Layla wakes up to find herself in another world. For a second she believed that this was her chance to start fresh, but that was before she realised she had transmigrated into an otome game as a villainess, doomed to die. In a fight to survive she constantly struggles to figure out exactly how she should be living. Trigger warning: mentions of suicide, depression, anxiety, abuse!

Winnie_1409 · Fantasy
Not enough ratings
51 Chs

Chapter 47 - A torturous interrogation

The questions were endless. It was obvious that many of them were convinced that I was guilty, adamant about coercing me into giving a false confession. They were relentless, interrogating me for hours on end. Even though I hadn't done anything wrong, I could feel it all chipping away at me. All the glares and accusations were so effective in making me feel as though I was truly guilty. It was either that, or I felt like confessing would at least save me from this punishment I was currently facing. It would do it injustice to simply refer to it as an investigation. In reality, it was torture. Regardless of how serious the case was, or the fact that the victim was a princess, to carry out questioning for so long was inhumane. If I didn't already feel like passing out from my earlier lack of sleep, I definitely did now. Many times I found my eyes blurring as sleep was trying to overtake me but they would not allow me to rest. When it felt as though my breathing was beginning to slow into a steady pace, a loud bang on the table would wake me up from them slamming their hands on the table. I was repeating the same words over and over again, but despite me giving them the truth, they did not want it. They wanted something, anything, to implicate me and support their assumptions about what took place. Every word I said was disregarded as it didn't provide them with what they had wished for. With hysterical faces they yelled at me to be honest, as if honesty meant saying what would please them. 
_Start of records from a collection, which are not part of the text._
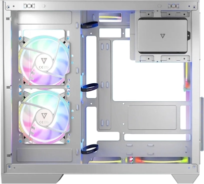 Bijelo kućište za računalo Volcano Panorama APEX ARGB 3F MIDI savršena je kombinacija estetike i funkcionalnosti. Sadrži do tri ARGB ventilatora za učinkovito hlađenje i stilsko pozadinsko osvjetljenje. Zahvaljujući dvama staklenim panelima možete izložiti svoje komponente u punom svjetlu.
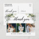 Caligrafia Moderna, Folhagem de Aquarela Elegante, Cartão de Agradecimento de Casamento com 3 Fotos inclui folhas de eucalipto, folhagem botânica verde, folhas azuladas empoeiradas e outras belas folhagens botânicas.
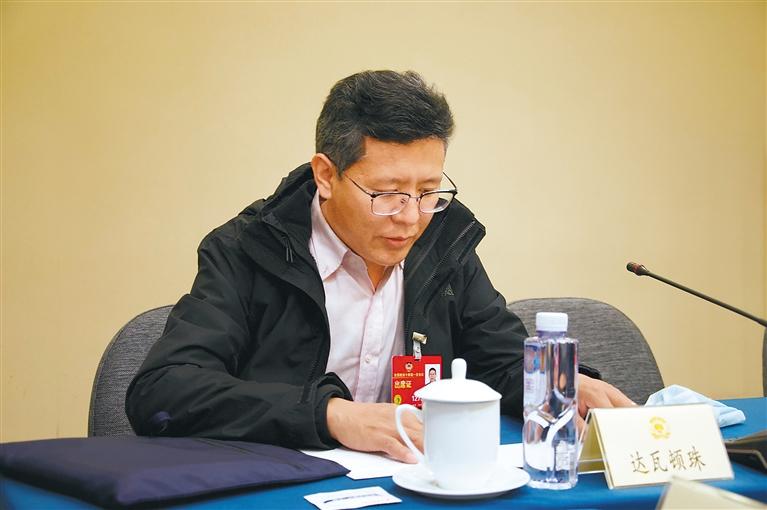 圖為達瓦頓珠參加農(nóng)業(yè)界小組討論。 記者 旦增蘭澤 攝
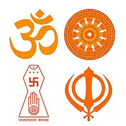 Simbolurile religiilor Dharmice: Om din hinduism, Dharmachakra din budism, Jain Prateek Chihna din jainism și Khanda din sikhism. (de la stânga la dreapta)
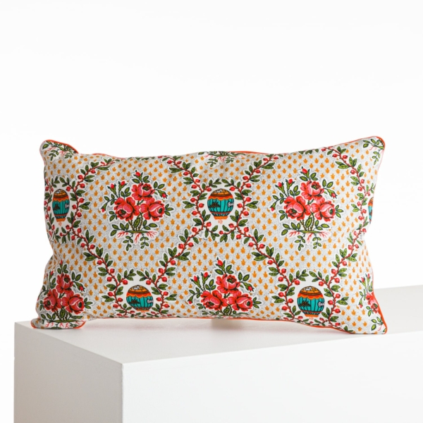 Coussin rectangle déhoussable en toile de Jouy
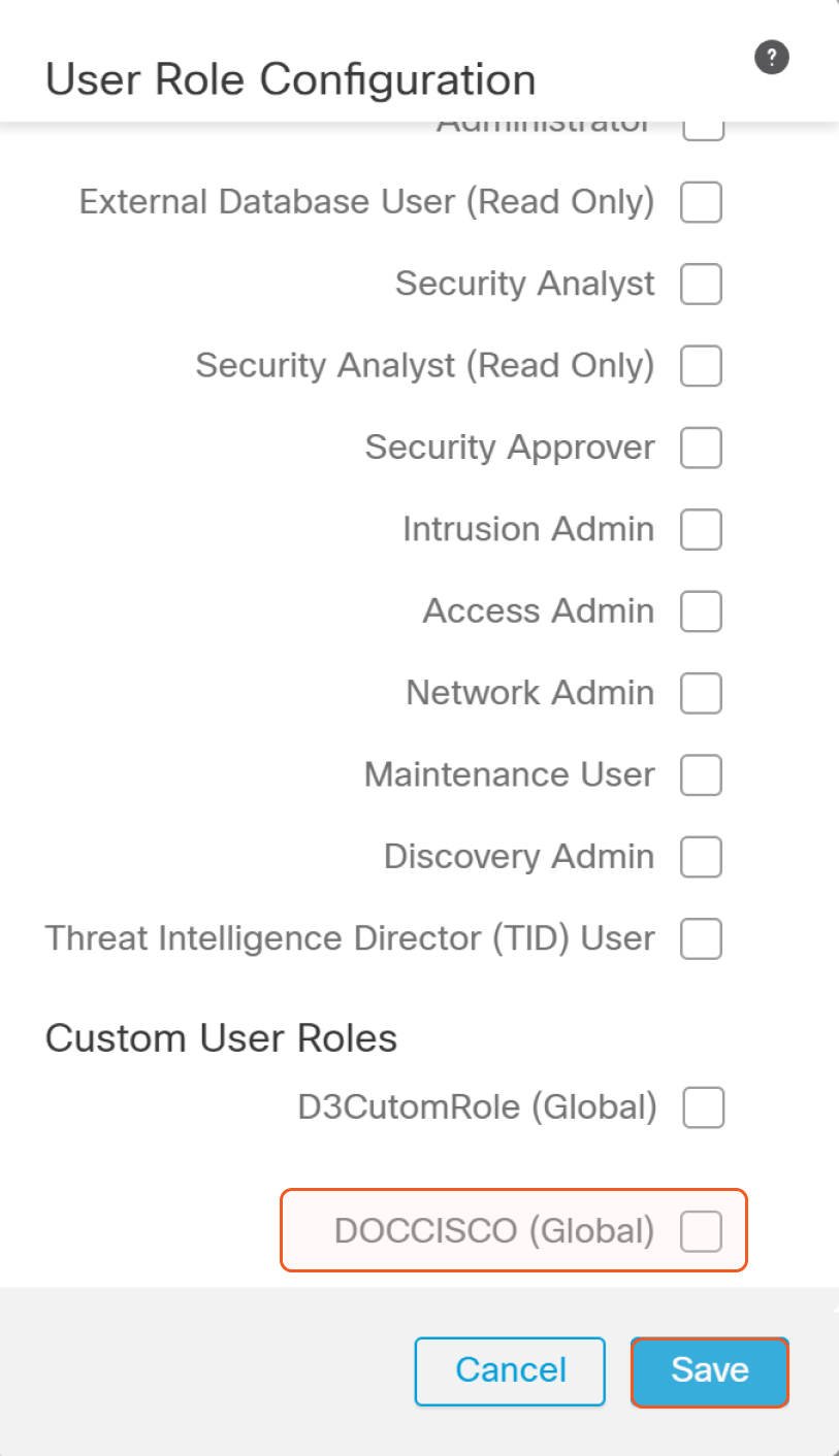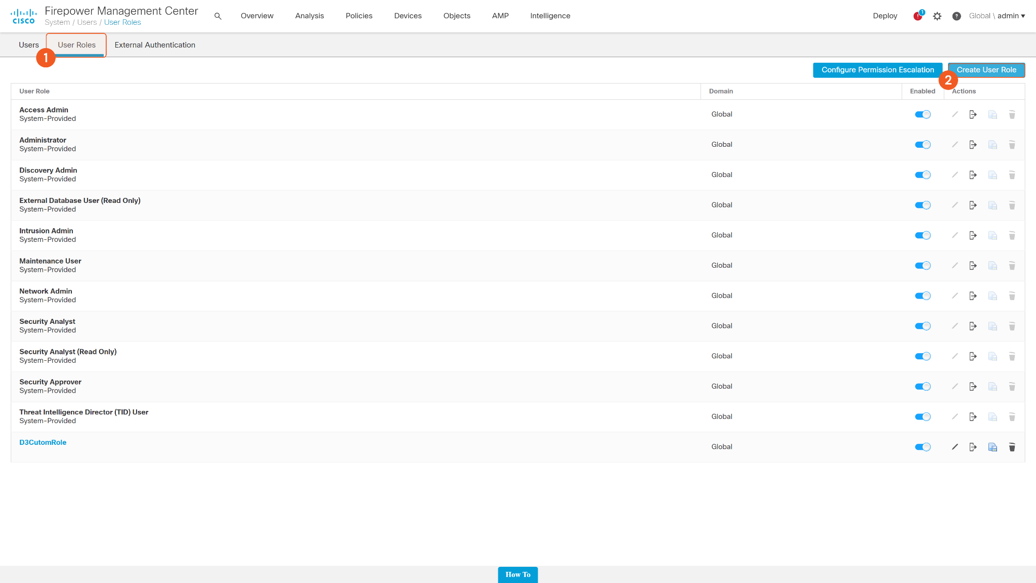The permission requirements in the table above are policies. If the default roles do not meet the requirements, these policies can be used to create custom roles for users. Refer to Configuring CISCO Firepower to work with D3 SOAR for details.

I was upset beyond measure but I couldn't act on it. They were waiting for me to slip up, to show that I had any proper human emotions, because then they could bend me to their will. If I got angry, I would be blamed. If I got defensive I would be blamed, and if I was unresponsive or unfeeling I would be blamed. There was no way out because it would only happen the way those with power wanted it. That was the law of this world. On nothing else but a few words, I was already deemed guilty in the eyes of the public. Nothing I said held any value because they seemed to be lies from the mouth of a vicious girl who would harm even her closest of friends. I was the cunning one who would try to murder someone and then cry to them to feign innocence. Wasn't that how it was always meant to be? From the very moment I was born, I was destined to be here. It was unfair that they had spent so much time questioning me when I felt they could have done a better job at finding the real perpetrator. It was frustrating to think that the person who had harmed Elina was sitting comfortably thinking that I would take the fall for it. Most frustrating of all, was thinking about how Elina felt about this entire situation. She had full faith in me, that I knew. But how would she feel knowing that the real person who had harmed her would likely still be nearby and attack her again? Worse yet was the knowledge that there wouldn't be enough protection in place should that happen, because all of the focus and attention is being diverted elsewhere.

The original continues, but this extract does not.